Possible Police Crackdown

Moffitt said many of her customers worry about being arrested for bringing cigarettes back over the Michigan border.

“The police are really intimidating,” she said. “Indiana cops were parked across the street for two hours the other day, and I saw them pulled up to Michigan cops, talking to them.

“But I’ve never heard of anybody getting busted.”

According to law, it is illegal to possess any pack of cigarettes without a Michigan tax sticker in the state of Michigan, said Sgt. Rob Davis of the Michigan State Police’s Niles post.

A person who has a small amount of untaxed cigarettes could be arrested and charged with a misdemeanor, Davis said, although he doesn’t think the law will be strictly enforced.

“Most likely, if you have one pack no one’s going to have a problem,” he said.

Niles post Commander Sgt. Forrest Perkins said three officers from his post took a training course offered by the state police tobacco fraud unit, and his officers will be on the lookout for Indiana cigarettes.

Perkins said his officers will take a “proactive approach” and could arrest people who have as little as one or two cartons.

Perkins also said his post is in contact with police in Indiana.

“If they see something, they’ll alert us,” he said.

Berrien County Sheriff Paul Bailey said enforcing the cigarette tax law is not a top priority for his department.

“We aren’t going to waste our resources having patrols watching people buy cigarettes,” he said. “It’s one of those laws that’s really hard to enforce. There’s no way you could have enough people watching the Indiana border.”

Area Businesses Worry

Back at Mike’s Country Store, Louann LaDuke, a sales representative for R.J. Reynolds Tobacco Co. visiting the store to discuss a contract, said the tax increase will have a huge effect on the stores she sells to.

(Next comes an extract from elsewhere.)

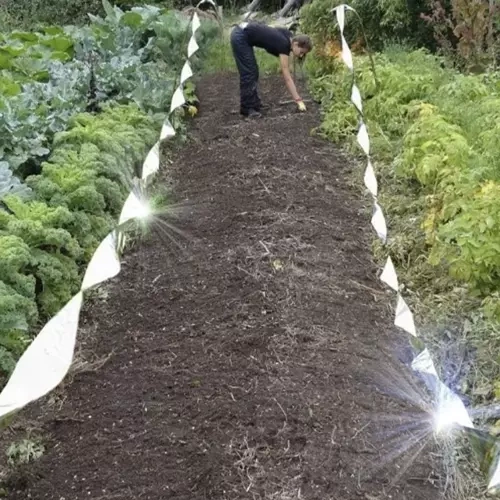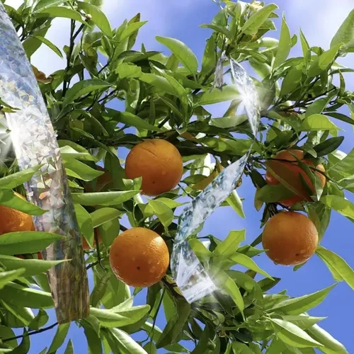 A praktikus holografikus szalag ideális a növények, kertek, erkélyek vagy épületek védelmére. Reflexiós felülete háromdimenziós hatást kelt, és különböző irányokba veri vissza a fényt, így hatékonyan elriasztja a madarakat és a kis állatokat anélkül, hogy kárt okozna nekik. A vízálló anyag lehetővé teszi a hosszú távú kültéri használatot.

LaDuke said Michigan store owners are worried.

“Not only are you losing tobacco, you’re losing other business from smokers who stop in and buy snacks, gasoline, and other things.”

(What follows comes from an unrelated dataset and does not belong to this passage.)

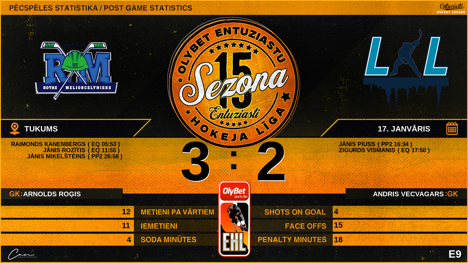 | 17:50 | LLS | Vārti (EQ) | #14 Zigurds Vismanis, piespēles: #67 Alberts Šakels |

Guy Arrans, chief operating officer at St. Joseph-based Primar Petroleum, said the tax increase is going to hurt business at the 14 area convenience stores and gas stations Primar owns and the 30 other independently owned stations it supplies.

Arrans said Indiana stores are already pulling away Primar’s customers. With the new tax the company could potentially lose half its cigarette buyers in several markets.

“People are going to break the law,” he said. “They crave this product and they’re going to get it.

“Ten cases of cigarettes, which you could fit in the trunk of a car, would have $4,650 in additional Michigan taxes on it.”

Arrans said politicians who justify the tax by saying that it will help smokers by encouraging them to quit are misleading voters.

“They’re building more and more of the budget on smokers but they keep saying they want people to quit,” he said. “Why would they build a budget on what they hope will be a vanishing tax base?”

Arrans also pointed out that, since Michigan charges sales tax atop the cigarette tax, the real tax increase is $2.12.

“They’re killing us right now,” he said. “They’ve sacrificed businesses in Southwest Michigan to balance the budget.”

Governor Jennifer Granholm (D) proposed the tax increase to help cover the state’s Medicaid deficit. Granholm estimated that it will bring in an additional $97.1 million dollars before the end of the current fiscal year, September 30, and that it will bring in an additional $313 million next year.